*WHAT NEEDS TO BE DONE*
Find the line containing "4. 如图,已知 $\odot" in the listing below; reproduce it and every line after, exactly. Skip pictures.
== Segment start ==
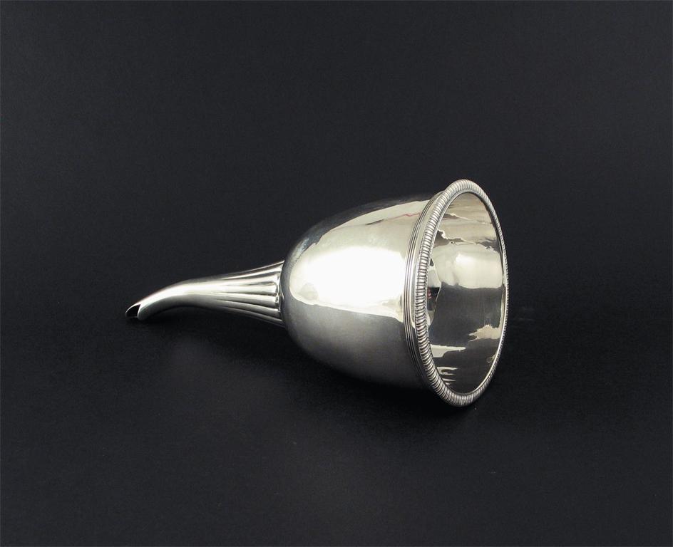 A George III wine funnel, with a deep bowl, a part fluted spout and a detachable strainer section with a gadrooned rim and a plain tang, by William Allen III, London, 1805, 6.7in (17cm), 6oz.
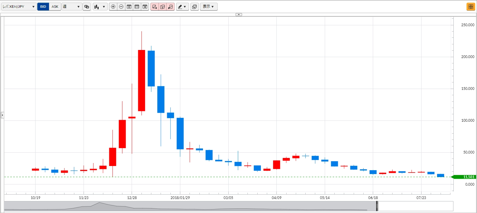 8月5日投稿の「【ETHJPY】サポレジ転換後の展開は?」では、日足の三角もち合いで、下値ブレイクが起こり、約45万円どころで下げ止まれるか、あるいはより下値を伸ばしまうかといったことに注目したいと述べました。実際には8月7日から下げ足を速め、ボリンジャーバンドのマイナス2σに沿って、下値を更新していく強い流れが発生。今年3月27日の安値も更新してしまい、めぼしいサポート候補のない空間へ放り出された格好となっています。バンドウォークが止まらない限り、下値更新が続きます。
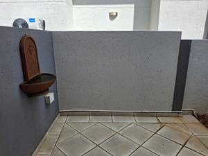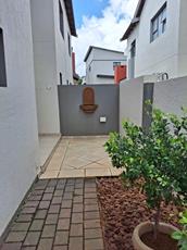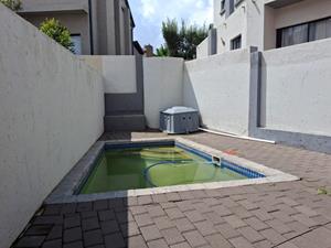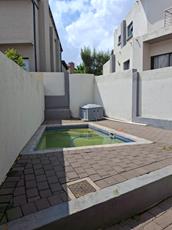 - The living room opens onto a covered patio with a built-in braai, overlooking a sparkling pool and a neatly maintained small garden—perfect for entertaining.
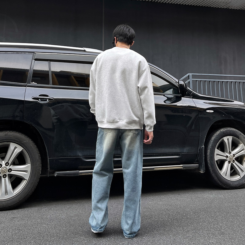 DAL 美式cleanfit浅蓝色磨白牛仔裤男复古水洗垂感宽松阔腿直筒裤
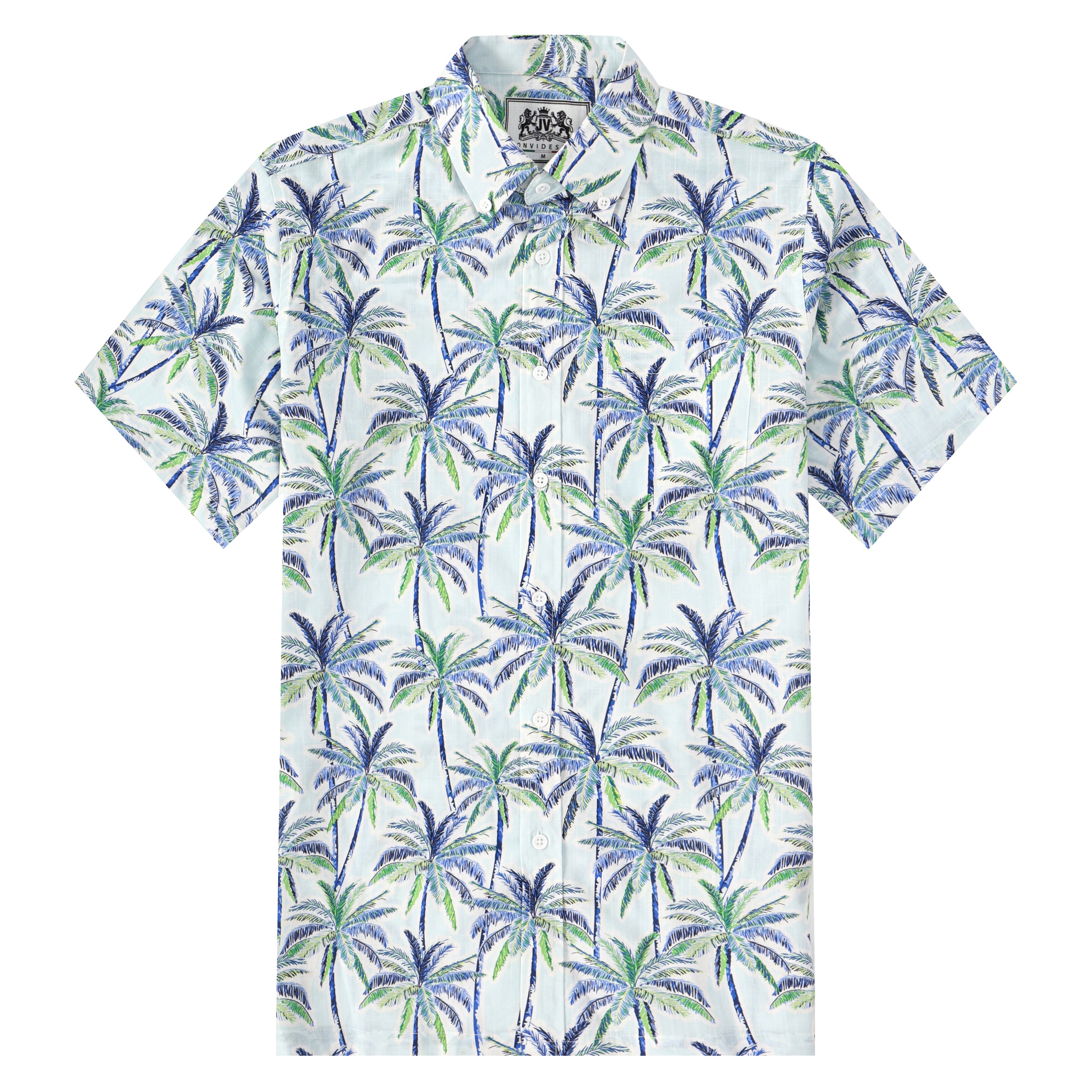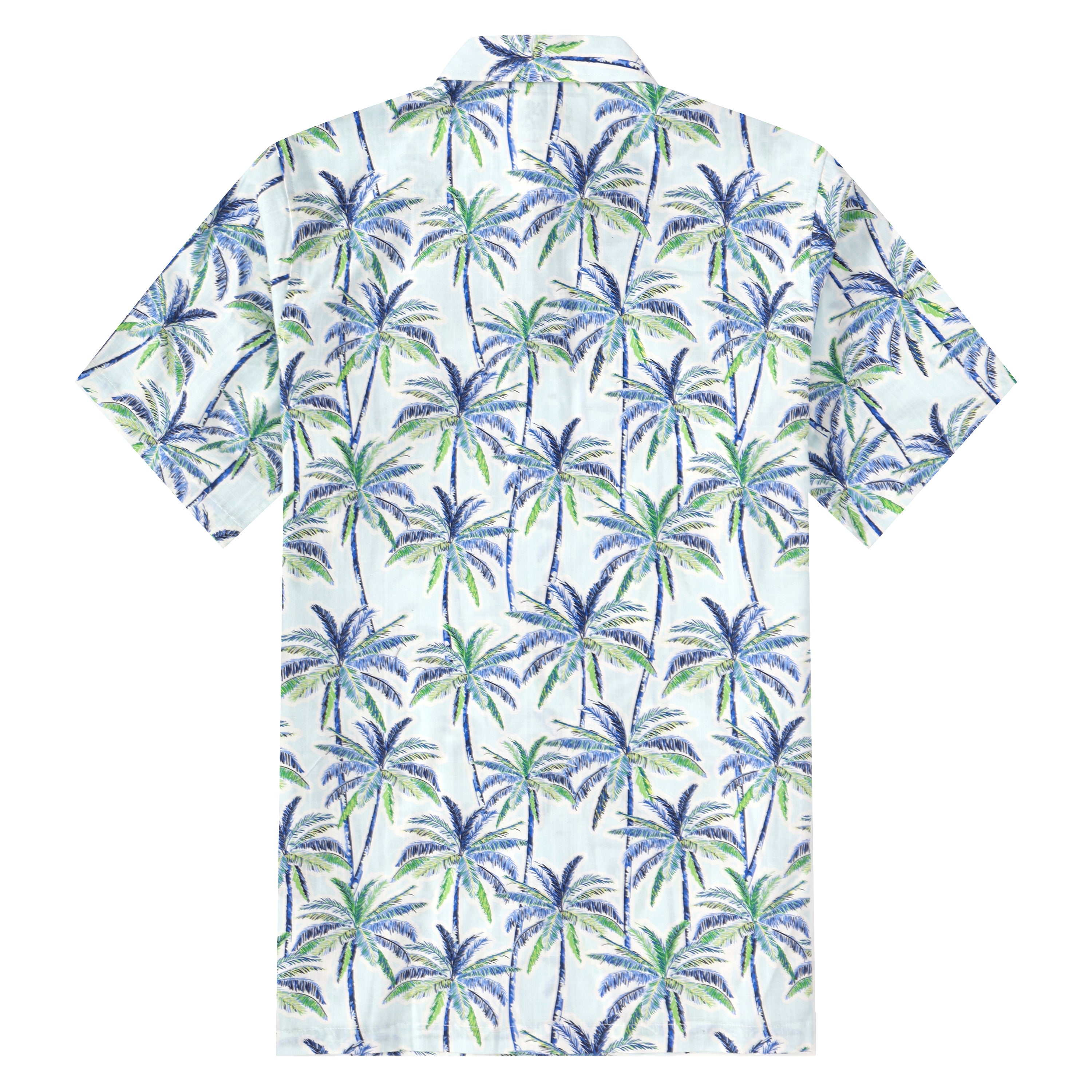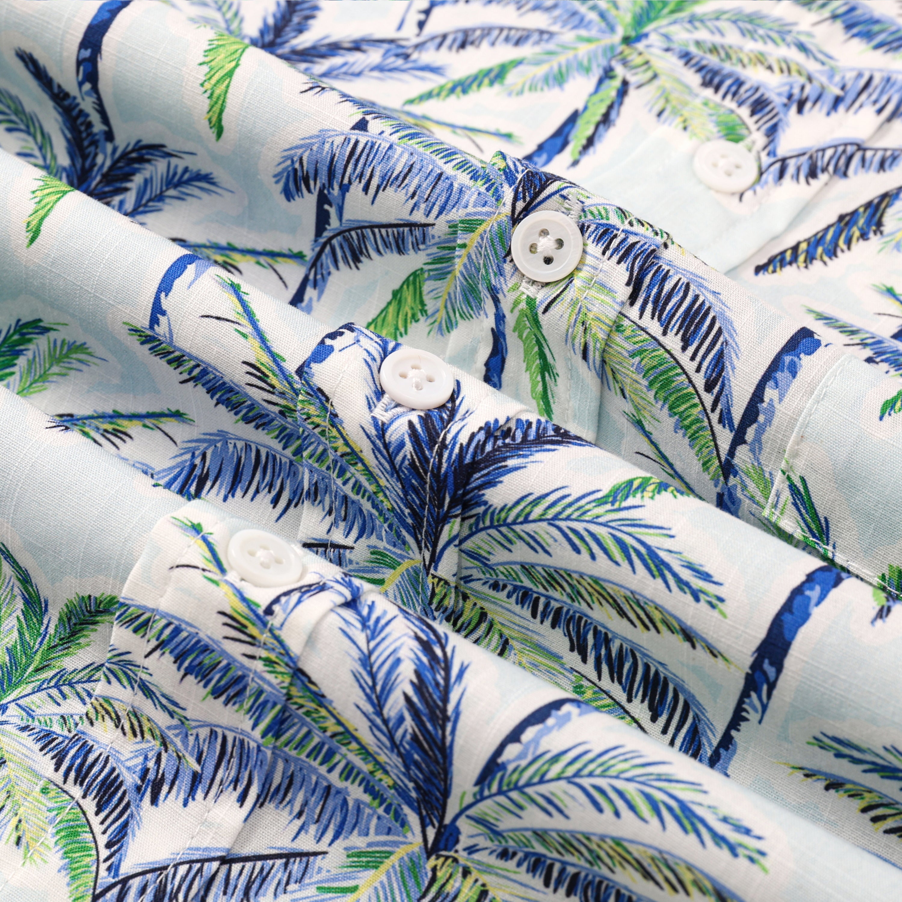 Beach Palm Tree Pattern Button Short Sleeve Shirt
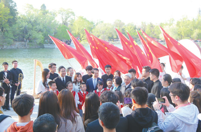 “眼底未名水,胸中黃河月。”五四青年節前夕,北京大學上千名師生齊聚未名湖畔,用一場“歌唱祖國,傳承接力”主題教育活動,紀念五四運動100周年,慶祝中華人民共和國成立70周年。正所謂“詩言情,歌詠志”。瑯瑯書聲,悠揚歌聲,讓人重溫100年前那段激情燃燒的歲月,煥發五四精神生生不息的時代光芒。
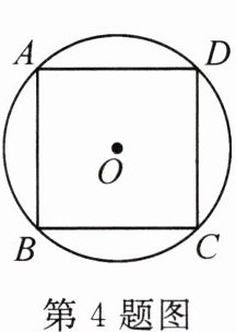 4. 如图,已知 $\odot O$ 的内接正方形 $ABCD$ 的边长为 1,则 $\odot O$ 的半径为(
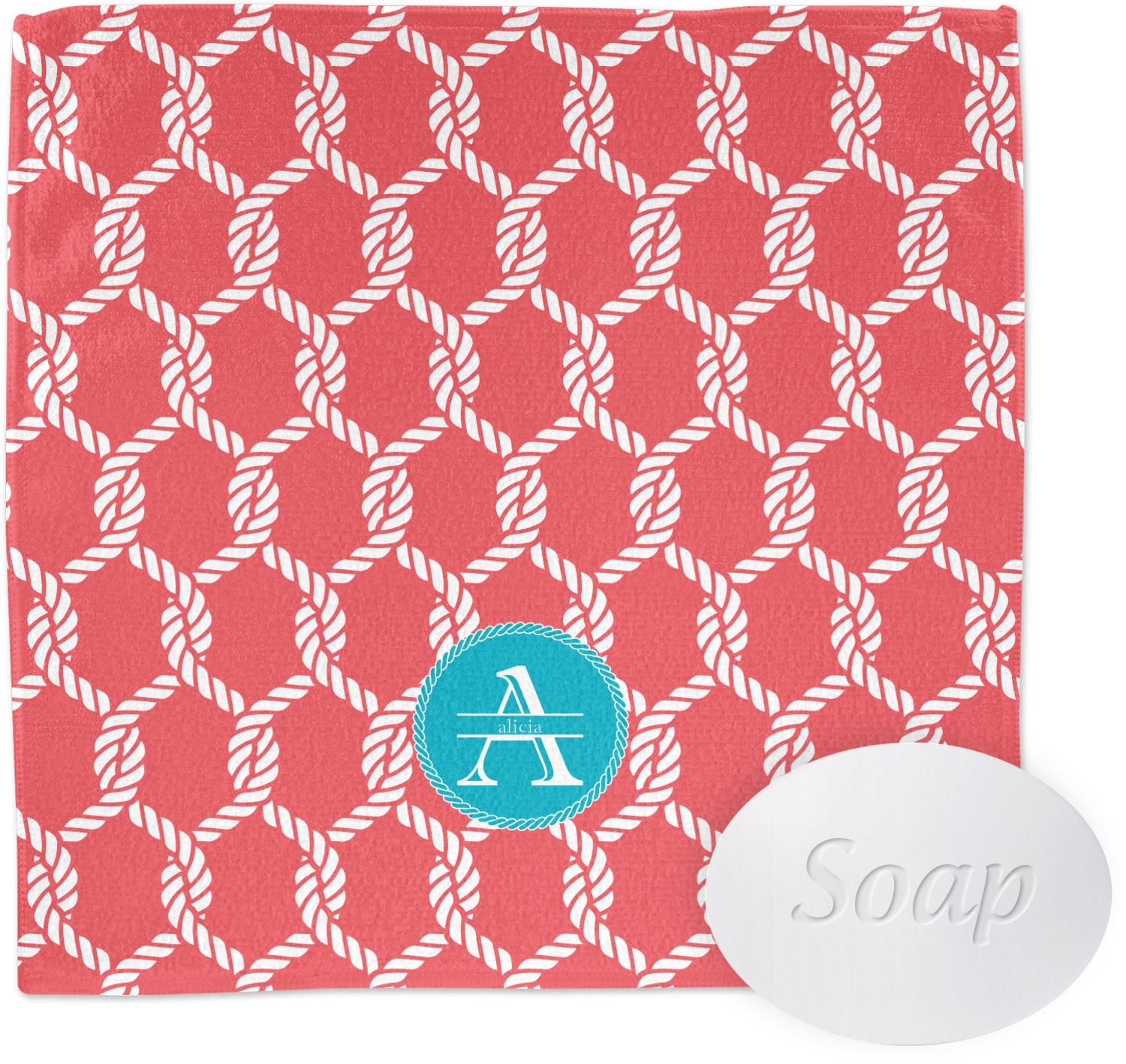 This linked ropes design is perfect for your real or dream beach house. The nautical design has ropes linked together to form diamonds. We have chosen a coral and teal palette for our design. We also chose a rope label and a name initial combination for our personalization.
== Segment end ==
*TASK ANSWER*
 4. 如图,已知 $\odot O$ 的内接正方形 $ABCD$ 的边长为 1,则 $\odot O$ 的半径为(
 This linked ropes design is perfect for your real or dream beach house. The nautical design has ropes linked together to form diamonds. We have chosen a coral and teal palette for our design. We also chose a rope label and a name initial combination for our personalization.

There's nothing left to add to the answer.